* _Problem to work on_
Somewhere below, one line contains "La basílica de" and a later line contains "3월 27일 봉사활동 중". Output those two lines and everything between them exactly, and nothing else.

* _Records shown_
--- --- ---

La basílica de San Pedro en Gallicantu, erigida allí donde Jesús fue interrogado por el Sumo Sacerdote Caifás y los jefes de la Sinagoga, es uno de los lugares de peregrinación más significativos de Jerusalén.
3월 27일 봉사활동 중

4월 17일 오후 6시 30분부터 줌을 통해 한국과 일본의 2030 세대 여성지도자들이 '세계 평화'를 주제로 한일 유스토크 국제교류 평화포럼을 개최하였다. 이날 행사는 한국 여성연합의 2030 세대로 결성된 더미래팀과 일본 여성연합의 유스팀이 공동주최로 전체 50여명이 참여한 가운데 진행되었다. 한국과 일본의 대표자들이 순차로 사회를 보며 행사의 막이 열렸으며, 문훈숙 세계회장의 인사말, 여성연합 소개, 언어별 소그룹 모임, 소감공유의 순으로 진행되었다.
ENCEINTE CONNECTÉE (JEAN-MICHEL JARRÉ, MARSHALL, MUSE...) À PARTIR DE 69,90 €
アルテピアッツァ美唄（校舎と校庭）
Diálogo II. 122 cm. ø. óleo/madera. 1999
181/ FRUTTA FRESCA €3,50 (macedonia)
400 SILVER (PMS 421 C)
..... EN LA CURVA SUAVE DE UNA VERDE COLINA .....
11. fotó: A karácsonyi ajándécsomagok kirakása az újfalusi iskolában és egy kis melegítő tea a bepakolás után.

--- --- ---

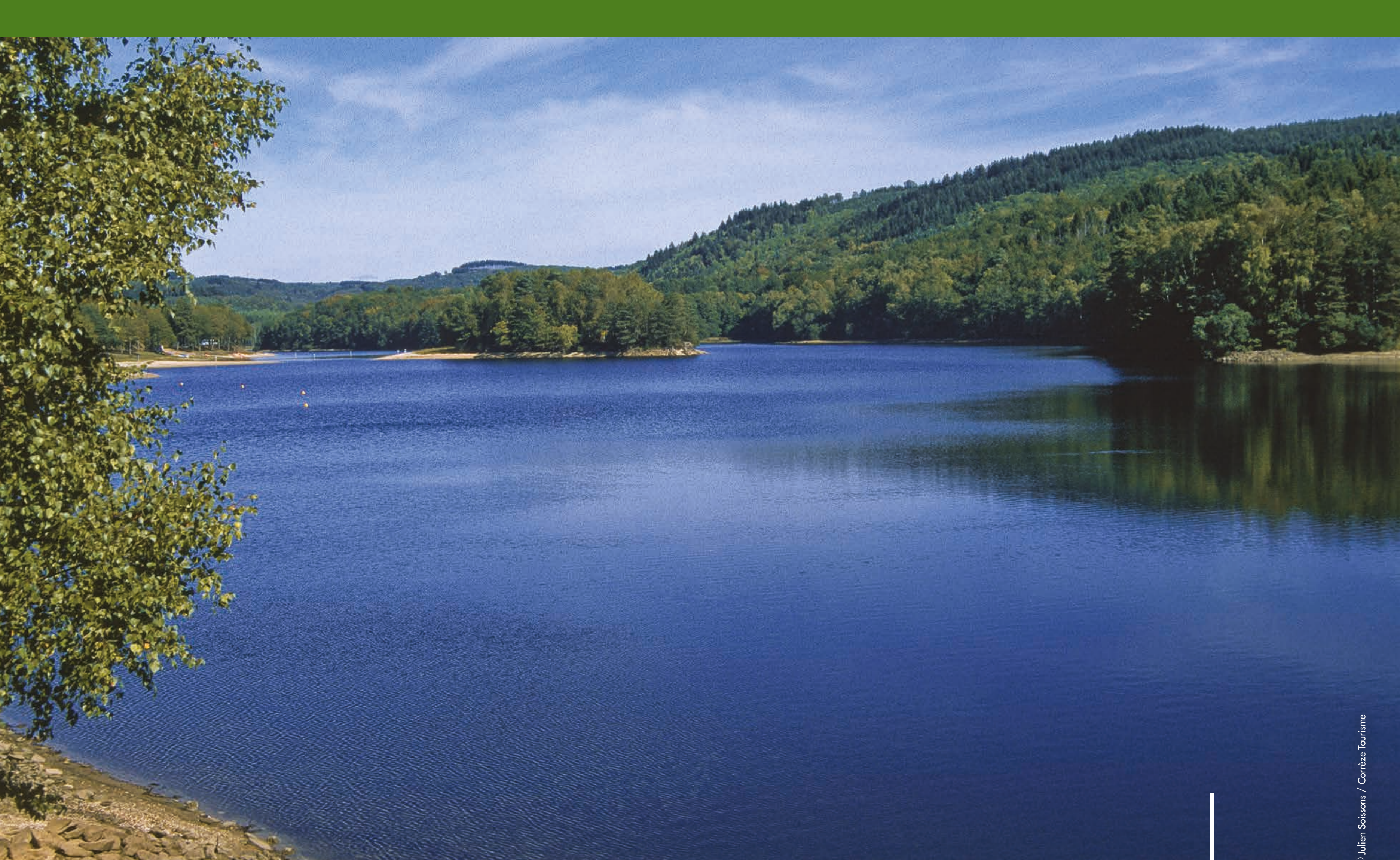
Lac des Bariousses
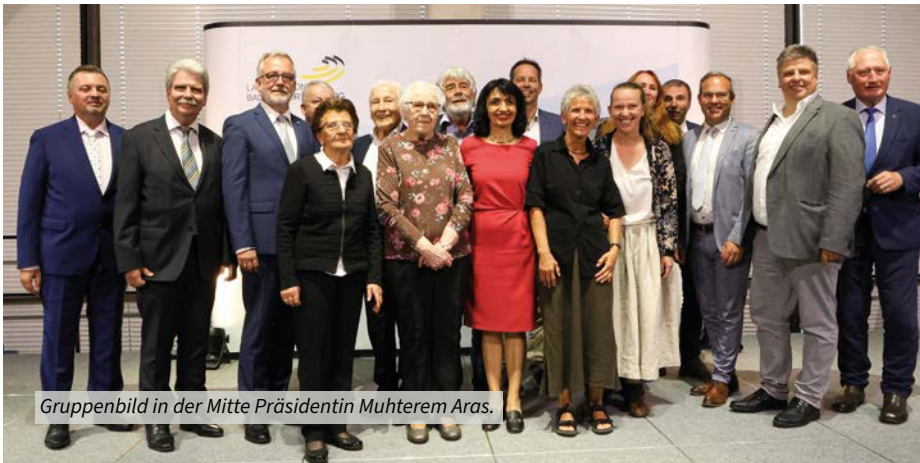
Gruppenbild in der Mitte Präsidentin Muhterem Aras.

--- --- ---

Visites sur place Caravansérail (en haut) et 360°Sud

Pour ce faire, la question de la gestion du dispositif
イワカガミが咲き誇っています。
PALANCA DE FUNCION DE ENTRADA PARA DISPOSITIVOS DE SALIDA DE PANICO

--- --- ---

* _Problem solution_
La basílica de San Pedro en Gallicantu, erigida allí donde Jesús fue interrogado por el Sumo Sacerdote Caifás y los jefes de la Sinagoga, es uno de los lugares de peregrinación más significativos de Jerusalén.
3월 27일 봉사활동 중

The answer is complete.